# British Student who wants to move to South Park or Real Alternative



## KCLC700 (Apr 6, 2011)

So I'm a student who would like to be a chemical engineer. I'm actually on the wrong course (mid-course decision) for that, so this could be years ahead. For those of you who don't know, chemical engineers work on processes which develop raw materials into products, so if one would like to work on site as I do, location is very important. This may involve oil, gas, chemicals, pharmaceuticals, food, drink, water, waste, minerals etc. Unfortunately, there don't seem to be that many work opportunities at home and this industry seems to be often run by international corporations prone to moving factories to different countries. 

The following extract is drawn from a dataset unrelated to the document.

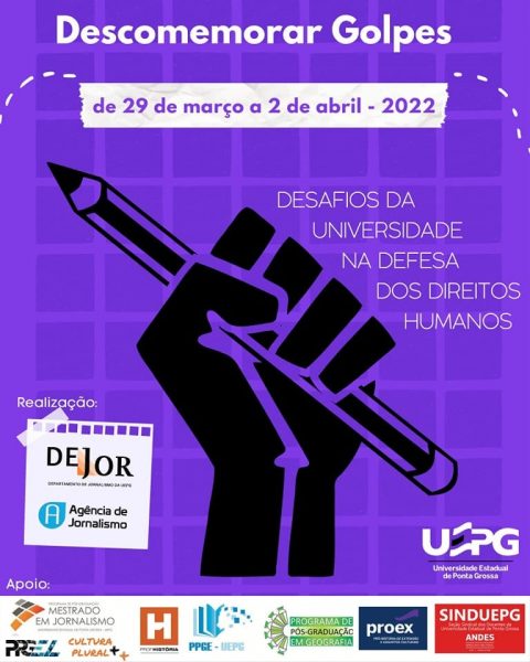 31/03/2022 – 20h (atividade remota): Registrar desrespeitos e denunciar agressões em defesa das lutas coletivas. Painelistas: Aluízio Palmar (Centro de DHs Foz do Iguaçu), Miliandre Garcia (UNESPAR), Regis Clemente Da Costa (UFFS). Mediação: Sérgio Gadini

But many of these companies are based in America, so I suspect that there may be more opportunities and stabiliity there. What I'd like to ask is where to go. I've recently been watching 'South Park' and I find _that_ town enchanting. But it's not real. And it probably doesn't export the products I mentioned earlier either.

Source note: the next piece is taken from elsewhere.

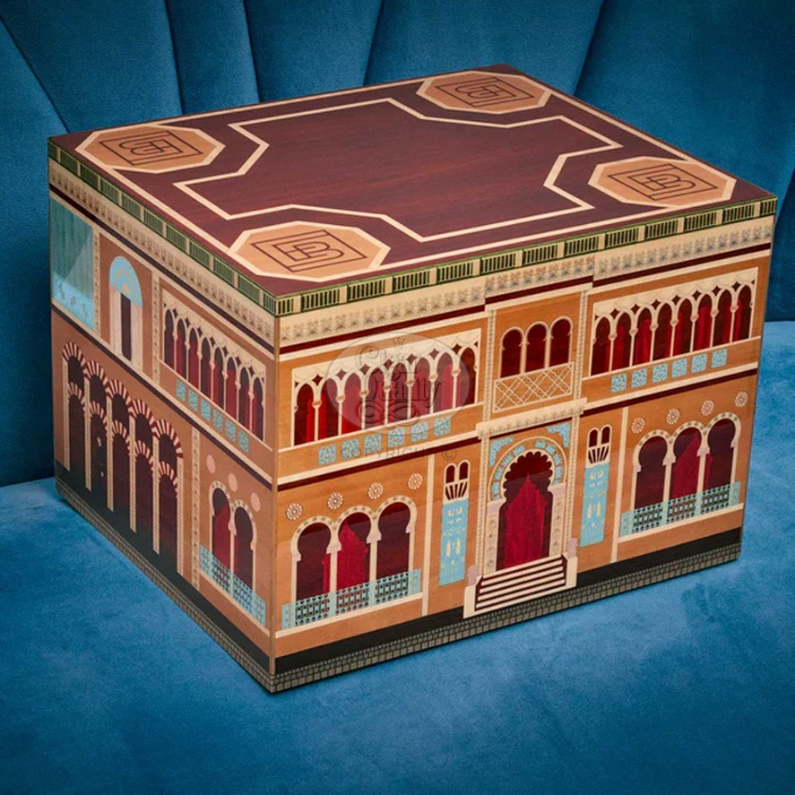 L'雪茄保湿盒 Elie Bleu Casa Cubana Palais Cienfuegos 是标志性系列 古巴之家, célébrant l’alliance entre Cuba et l’Andalousie. Inspiré du Palacio de Valle, chef-d’œuvre arabo-andalou du début du XXᵉ siècle, ce coffret raconte un récit architectural et romantique où chaque façade marquetée incarne un fragment d’histoire, entre héritage andalou et atmosphère cubaine. Édité à seulement 199 exemplaires numérotés, il peut accueillir jusqu’à 110 cigares et se distingue par son raffinement et sa rareté (le numéro de l’exemplaire ne peut être défini à l’avance).

So what rural areas in the West, Midwest or possibly South (might a be little warm) are there which produce oil, gas, chemicals, pharmaceuticals, food, drink, water, waste, minerals? You may also like to let me know if I should stop trying to make life decisions based on cartoons and just move to the north (of England) instead. Sorry if I rambled there.


----------



## twostep (Apr 3, 2008)

Start networking with students and faculties. Look into exchange semesters.


----------



## Guest (Apr 7, 2011)

KCLC700 said:


> So what rural areas in the West, Midwest or possibly South (might a be little warm) are there which produce oil, gas, chemicals, pharmaceuticals, food, drink, water, waste, minerals? You may also like to let me know if I should stop trying to make life decisions based on cartoons and just move to the north (of England) instead. Sorry if I rambled there.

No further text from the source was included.